The currently available, detailed properties (e.g., isotopic ratios) of solar system
planets may provide guides for constructing better approaches of exoplanet
characterization. With this motivation, we explore how the measured values of the
deuterium-to-hydrogen (D/H) ratio of Uranus and Neptune can constrain their formation
mechanisms. Under the assumption of in-situ formation, we investigate three solid
accretion modes; a dominant accretion mode switches from pebble accretion to
drag-enhanced three-body accretion and to canonical planetesimal accretion, as the solid
radius increases.
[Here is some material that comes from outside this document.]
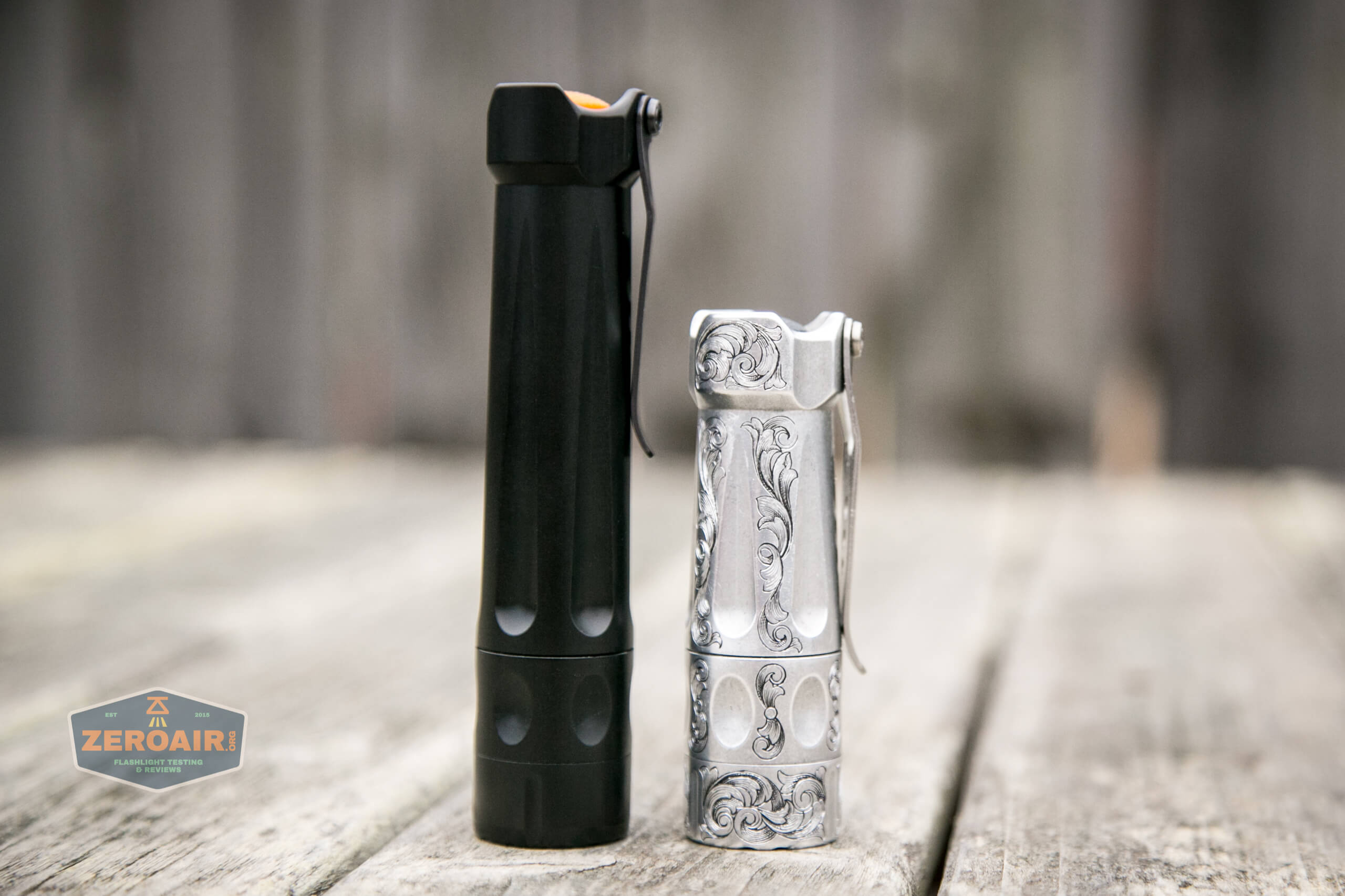 And here’s the light beside my custom-engraved TorchLAB BOSS 35, an 18350 light. I reviewed the aluminum version of that light in both 35 and 70 formats.

We consider a wide radius range of solids that are accreted onto
(proto)Neptune-mass planets and compute the resulting accretion rates as a function of
both the solid size and the solid surface density. We find that for small-sized solids,
the rate becomes high enough to halt concurrent gas accretion, if all the solids have
the same size. For large-sized solids, the solid surface density needs to be enhanced to
accrete enough amounts of solids within the gas disk lifetime. We apply these accretion
modes to the formation of Uranus and Neptune and show that if the minimum-mass solar
nebula model is adopted, solids with radius of ~ 1 m to ~ 10 km should have contributed
mainly to their deuterium enrichment; a tighter constraint can be derived if the full
solid size distribution is determined. This work therefore demonstrates that the D/H
ratio can be used as a tracer of solid accretion onto Neptune-mass planets. Similar
efforts can be made for other atomic elements that serve as metallicity indicators.